Был ли Людовик Венгерский когда-либо ознакомлен с этим папским письмом, неизвестно, так как к моменту его написания Бертран де Де бежал из Неаполя в Рим. Даже если бы легат остался в столице, он вряд ли захотел бы передать его содержание суровому завоевателю. Не то чтобы укоры понтифика имели для короля большое значение, но Людовик Венгерский был озабочен гораздо более серьезными проблемами, большинство из которых он создал сам. Вскоре после захвата Неаполя король Венгрии развязал террор, чтобы выявить всех возможных соучастников смерти своего брата. Венгерские войска были особенно жестоки в своих преследованиях предполагаемых преступников. По словам Доменико да Гравина, многим невинным людям во время допросов отрезали пальцы и носы. "Захватчики не проявляли никакого милосердия к людям",[172] — сетует хронист, который до этого в своем повествовании о событиях был на стороне Андрея и венгров. Никто не был застрахован от преследований. Представителям высшей знати грозила смерть, если они не укажут на подозреваемых из своей семьи. Методы Людовика Венгерского считались чрезмерными даже среди населения, привыкшего к применению кипящего масла и раскаленных щипцов. Один дворянин "был допрошен в присутствии короля и признался во всем, что от него хотели"[173], — рассказывает Доменико да Гравина. "Людовик [Венгерский] избрал для него особенно изысканное наказание: осужденного поместили над колесом, оснащенным острыми как бритва лезвиями, которое, вращаясь, разрезало его на части… Это дело продолжалось с половины третьей мессы до поздней вечерни… Безусловно, это было неслыханно и безмерно жестоко"[174], — отмечает хронист.

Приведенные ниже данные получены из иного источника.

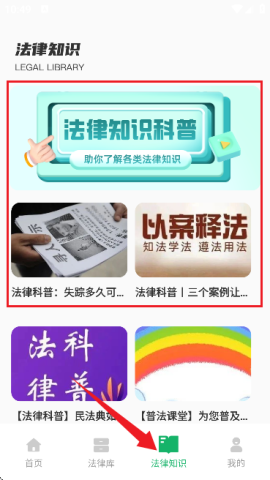 5、借助【法律知识】频道,获取大量的法律科普资料。
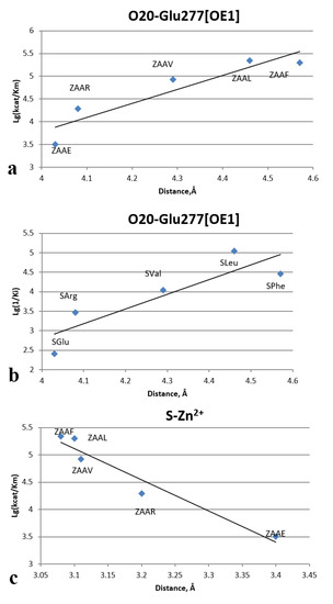 Earlier, such a correlation between bond lengths and inhibition constants/catalysis efficiency constants were obtained for SLeu, SPhe, SArg, and SGlu inhibitors and O21-R129NH1, O21-Zn2+, N19-T205 (O), S-Zn2+, N17-E277OE2, O16-Y255OH bonds. Though, the Ka value can both increase and decrease with increasing bond lengths.
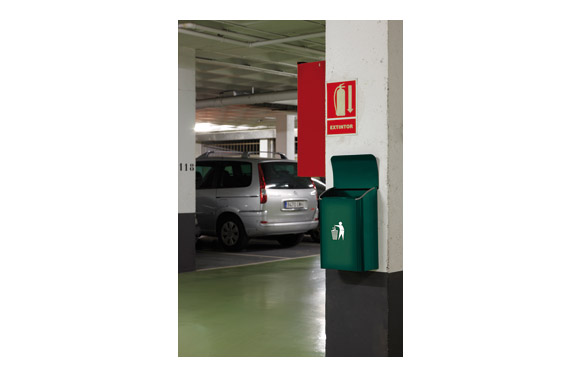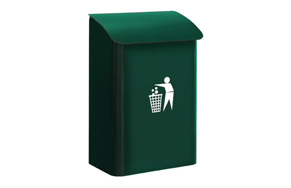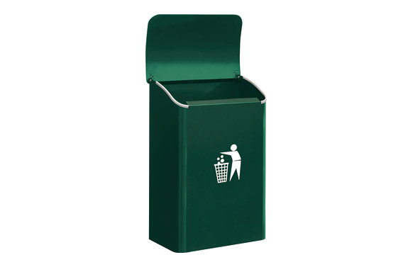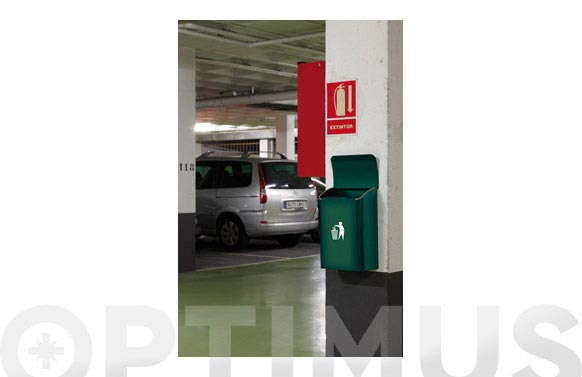 Material: Acero Papelera de acero adecuado para su uso en garajes, parkings, inmuebles, etc. Para facilitar la recogida de los residuos depositados requiere la colocación de una bolsa de plástico en su interior. Capacidad: 18l Incluye agujeros y tornillería para sujeción a la pared.
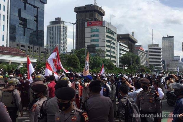 Jakarta, Karosatuklik.com – Polisi mengamankan 155 orang terkait aksi 1812 yang digelar di Patung Kuda, Jakarta Pusat pada Jumat (18/12/2020). Di antara orang yang diamankan itu, ada pula yang kedapatan membawa senjata tajam (sajam) dan ganja.
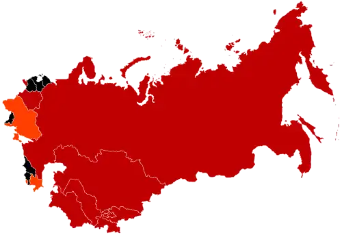 De 1917 a 1922, o estado antecessor da União Soviética era a República Socialista Federativa Soviética Russa, que era um país independente, assim como outras repúblicas soviéticas na época. A URSS foi oficialmente criada em dezembro de 1922 como a união das repúblicas russa (coloquialmente conhecida como Rússia Bolchevique), ucraniana, bielorrussa e transcaucasiana, todas repúblicas soviéticas governadas por partidos bolcheviques.
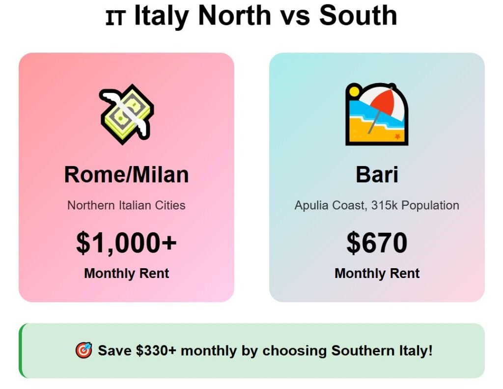 For Italy, the focus is on Bari, a city in the southern region of Apulia along the Adriatic coast, with 315,000 residents. Compared to Rome or Milan, where a one-bedroom apartment regularly exceeds $1,000, Bari is far more affordable—rent there averages just $670.
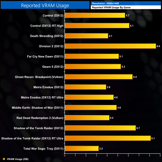 The numbers are certainly interesting. I would disregard The Division 2 as the game was requesting up to 9GB VRAM even when sitting in the settings menu, so for me that is certainly a case of the game making sure it doesn't run out of memory by requesting pretty much everything that was available.
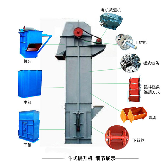 斗式提升機(jī)適用于垂直輸送松散密度1.5t/m3粉狀、粒狀、及小塊狀的磨吸性較小的散狀物料,如糧食、煤、水泥、碎礦石等,提升高度高,物料溫度不超過(guò)60℃
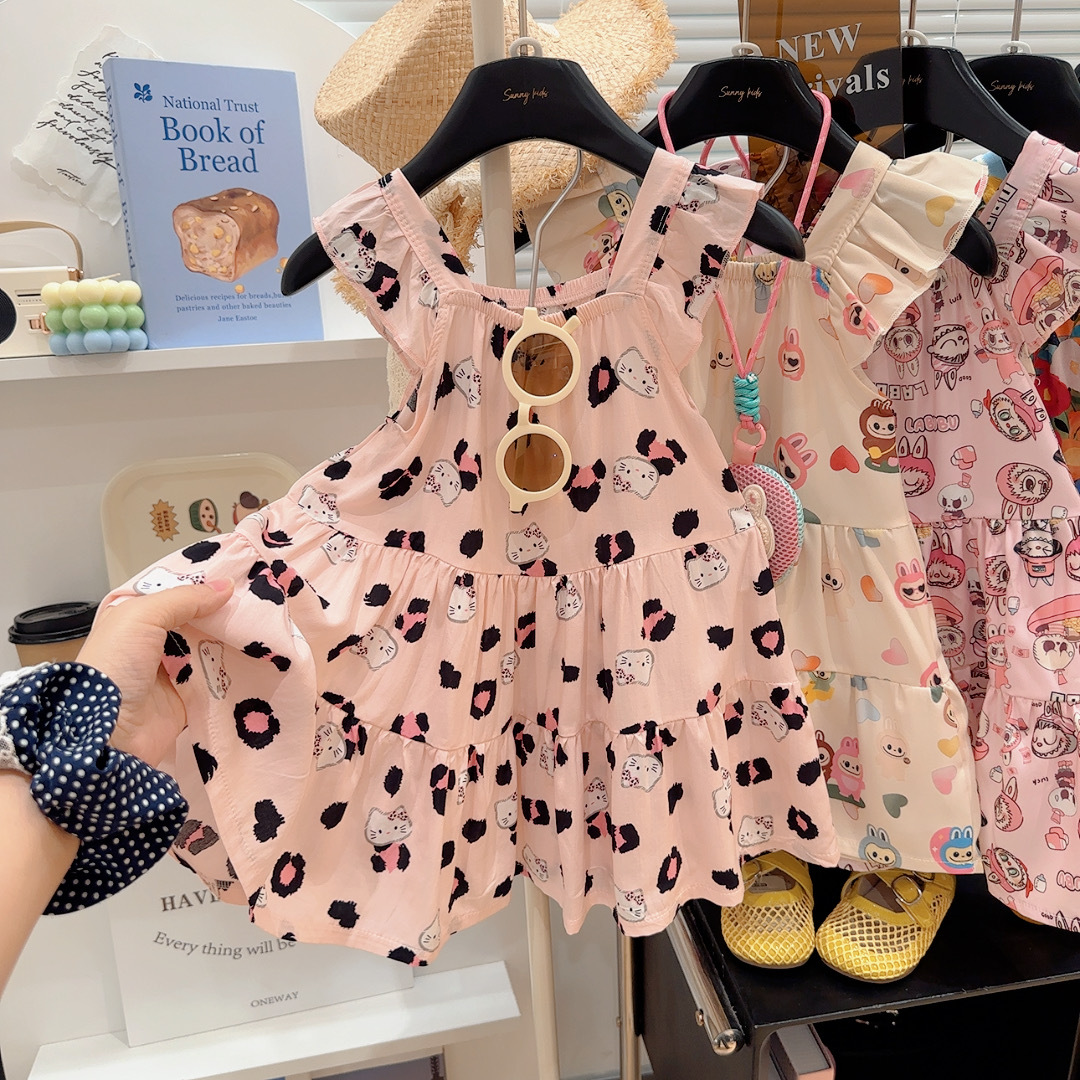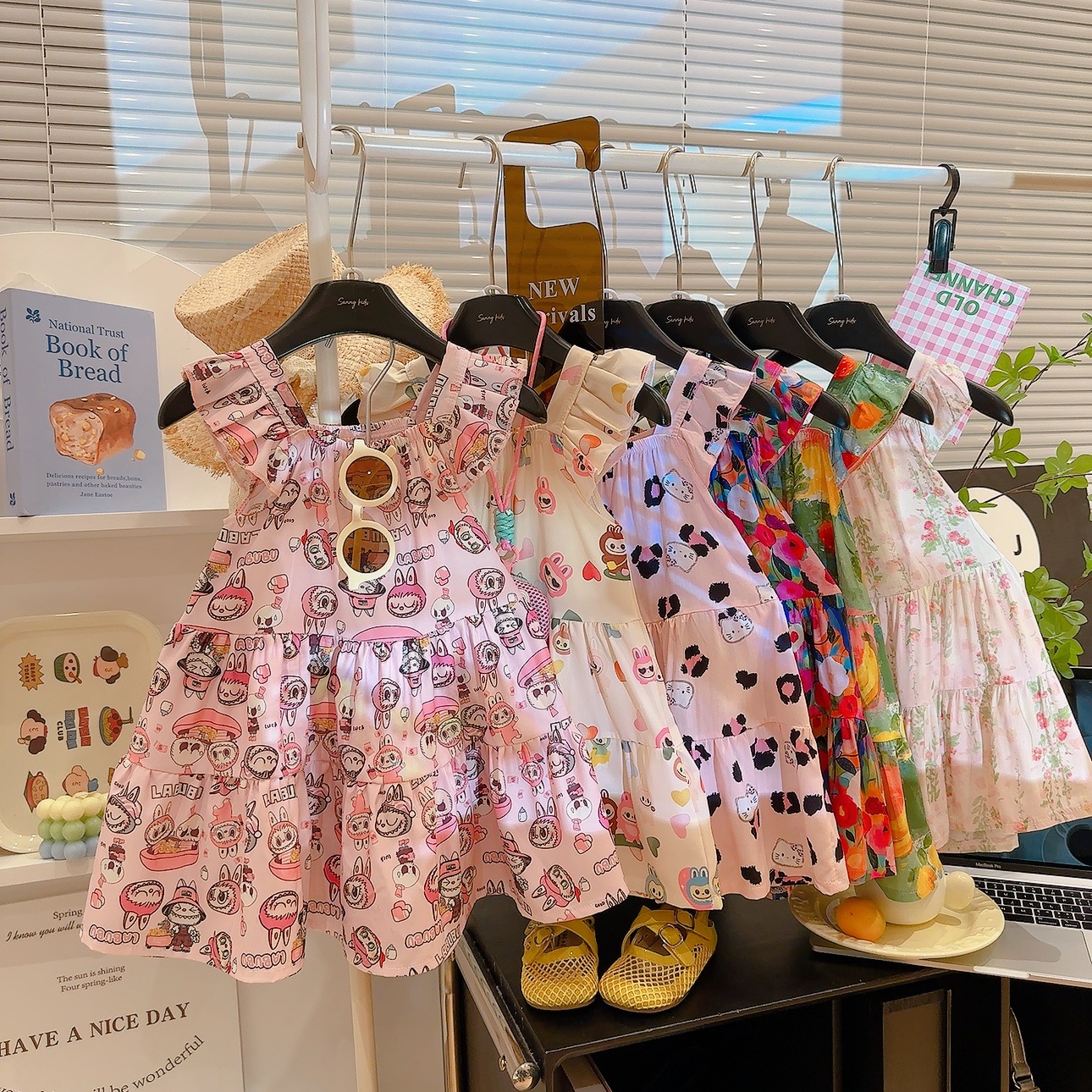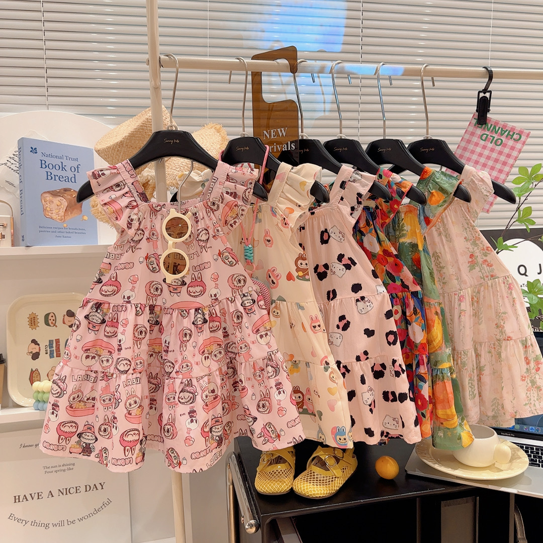 【清凉感拉满!亲肤透气】2026儿童碎花卡通休闲风夏季女连衣裙亲肤夏款轻熟风清凉感绵绸。xb

Неудивительно, что в результате подобной политики Людовику Венгерскому было трудно завоевать расположение местных баронов, что было необходимым шагом на пути к укреплению его власти над королевством. Ему нужны были знатные семьи, такие как Бальцо и Сансеверино, в качестве администраторов, но бароны и сеньоры этих домов, потрясенные венгерскими репрессиями, отказывались сотрудничать и вместо этого замышляли восстание. (Король Венгрии, настолько мало понимал своих новых подданных и их отношение к его покойному брату, что присвоил имущество, принадлежавшее братьям Пипини, и изгнал старшего из них из Неаполя, что, естественно, привело к переходу членов семьи на сторону оппозиции, где они внесли свой весомый вклад). Поначалу это восстание проявилось в форме неповиновения: когда король Венгрии требовал, чтобы граф или барон явился ко двору и повиновался своему новому государю, Людовик неизменно получал вежливый ответ, что, к сожалению, болезнь не позволяет вассалу явиться на аудиенцию.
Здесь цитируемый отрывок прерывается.